После того, как Оттавио изложил Ерсу жалобы поверенного на нелегкую судьбу остальных обитателей Фертсайтхайт, Ерс пожевав губами произнес:
–– Владетель себя никогда не жалел. Ни в бою, ни в обычной жизни. Но и других он не жалел. Жалость унижает. Из жалости начинают делать подачки. Подачки же, господин ар Стрегон, делают человека слабым. И неблагодарным. Человек начинает считать, что подачки – это что-то такое, что он заслужил, якобы он имеет это по праву. По праву только того факта, что он живет на белом свете, под взором Владык. А это не так. Есть люди, которые считают, что их дело – жить припеваючи, на всем готовом, ничего не давая взамен. Они хотят получать привилегии, не имея обязанностей. И вот такие люди всегда ноют, когда им кажется, что ущемили их привилегии, или если им напоминают об их обязанностях, – тут Ерс прервался, и обстоятельно, как и все что он делал, отхлебнул добрый глоток эля из большой деревянной кружки, которую во время разговора периодически наполнял. Вытер черную бороду. – Что же касается отношений владетеля гер Брюнне с его кровными родичами, об этом спросить лучше у них. Обсуждать такие вещи, даже с судейским официалом, мне не по чину.

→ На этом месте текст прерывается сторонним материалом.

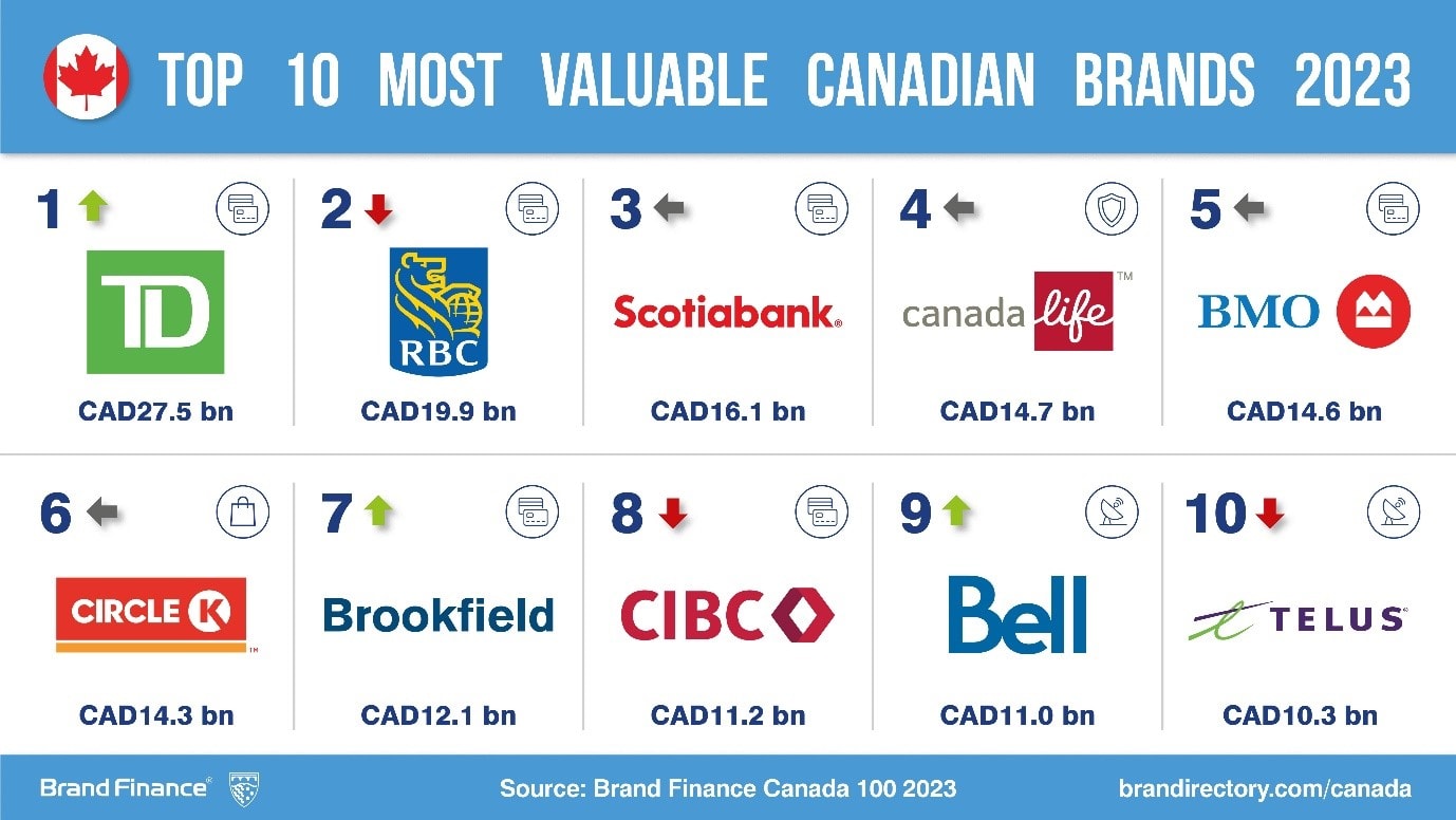 TD (brand value up 27% to CAD27.5 billion) has remained resilient to widespread challenges and achieved impressive brand value growth, becoming Canada’s most valuable.
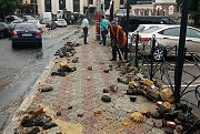 Сильнее всего от удара стихии пострадала Таможенная площадь. Расположенная в низине, она принимает всю дождевую воду с центральных городских улиц. Причем потоки воды устремляются в основном по двум узким улочкам — Польскому и Деволановскому спускам и заливают Таможенную площадь. В нынешние выходные потоки воды были такой силы, что вырывали кусками асфальт и размывали песок под ним, сдвигали и несли с собой припаркованные машины, сталкивая их друг с другом. На Деволановском спуске был вырван ливневый коллектор, и потоками воды камни, земля и куски асфальта занесло на Таможенную площадь.

Адлер гер Брюнне категорически отказался говорить с коронером.
Его дядя согласился, но из этого разговора Оттавио вынес еще меньше, чем из цветистой болтовни поверенного.
Где амулет, Датчс не знал, пропадали ли люди, не знал.

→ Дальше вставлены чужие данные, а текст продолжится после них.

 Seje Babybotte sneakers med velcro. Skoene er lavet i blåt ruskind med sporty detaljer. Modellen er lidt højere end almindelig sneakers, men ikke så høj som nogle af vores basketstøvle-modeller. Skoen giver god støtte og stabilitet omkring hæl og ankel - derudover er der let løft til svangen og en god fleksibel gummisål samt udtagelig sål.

Даже про служанку жены “вспомнил” только после прямого вопроса ар Стрегона. Мол, да, крутилась такая вокруг супруги, потом перестала.
Куда делась?
А кого это может… ммм заинтересовать…
Такое ощущение, что Барсук жил в своей норе на третьем этаже и ничем вокруг не интересовался, даже собственной женой, с которой имел, как оказалось, полностью раздельные покои. И нора Барсука выглядела как типичное холостяцкое жилище.
Валяющиеся везде испачканные тряпки, наваленные друг на друга доски для растирания красок, тарелки с остатками пищи, вазы с засохшими цветами, слегка подгнившие фрукты на позолоченном блюде, бутыли с кислотой и медные пластины....
И картины. Картины были повсюду.
Датчс расписал все стены и потолки своих покоев. Более сотни полотен висели, стояли стопками, лежали на полу, находились на подставках.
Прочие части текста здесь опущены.